What are the ramifications of all this? I would make two points. First, we should prepare ourselves for the long haul. This phase will in all likelihood last at least twenty years, but we should not be surprised if it is more like forty years: the benign phase of the US-China relationship, after all, lasted 44 years. This means we must always think strategically, never allow the present to obscure the future. In the heat of 2019-20, when China was under particularly brutal assault, and tit-for-tat exchanges became seemingly commonplace, the overriding importance of a long-term perspective sometimes became blurred. Tit-for-tat might raise the spirits of committed supporters but they usually alienate the non-committed. Winning hearts and minds is a long process, not something achieved by a coup de grace.

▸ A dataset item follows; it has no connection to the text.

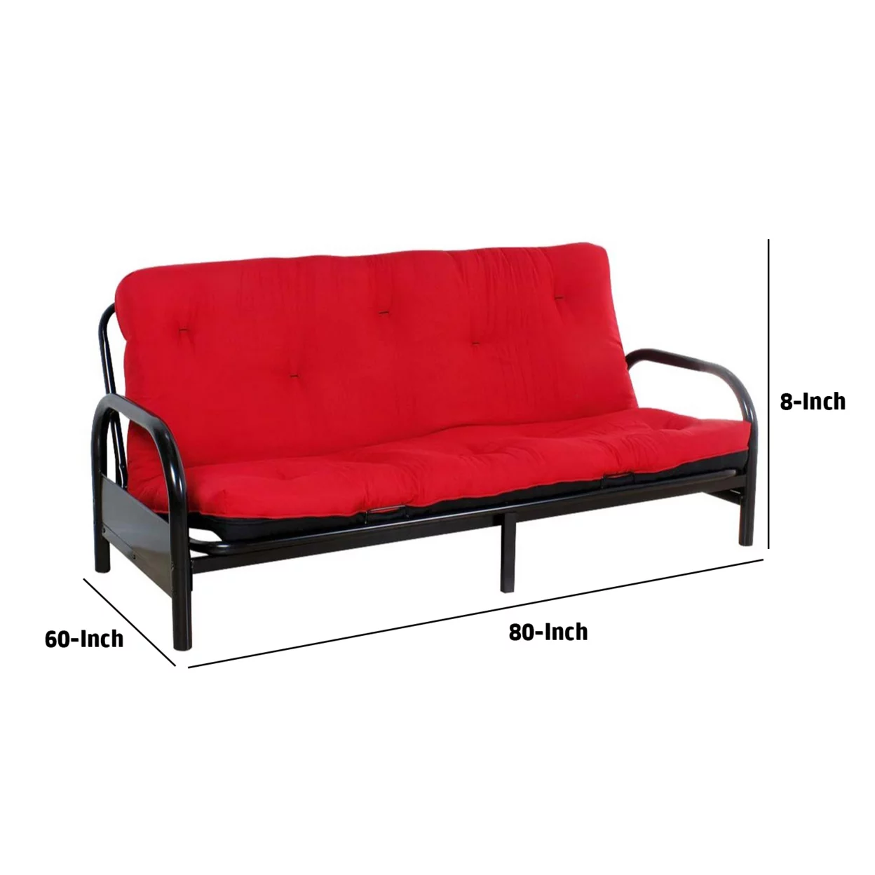 Nab Full Size Futon Sofa, Tufted, Poplin Fabric Mattress, Red- Saltoro Sherpi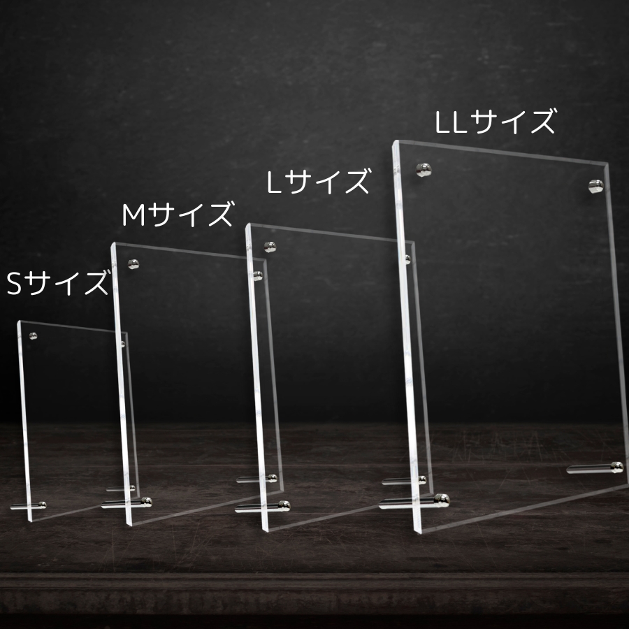 スタンドタイプ・壁掛けタイプ・オーダーメイド対応のアクリルフォトフレームを、L版・2L版・A4など複数サイズでご紹介します。結婚祝い・結婚式・記念日・ギフトにも最適です。

Which brings me to my second point. In the first cold war the world was divided into two blocs and irredeemably polarised. This is not the case now and will not become so. Even what might be called a Western bloc (NATO, 5 Eyes, US, EU, etc.,) is not a bloc. Nor is there a China bloc. Nor does China seek to have a bloc. In other words, unlike in the first cold war, a lot of the world, most in fact, is relatively non-partisan and open-minded. Take Europe. It is most certainly not in the same place as the US. It is shifting away from the US at both a popular and establishment level. It will be very difficult to shift US opinion in the next few years but that is not true of Europe. China has to find new and better ways of engaging with the European populations: the watchwords should be “listen, reach out, and dialogue”. Dialogue was the antithesis of the cold war. But dialogue is fundamental to the new phase: hearts and minds are crucial. And what is true for Europe is true elsewhere, especially in the West but also in the developing world.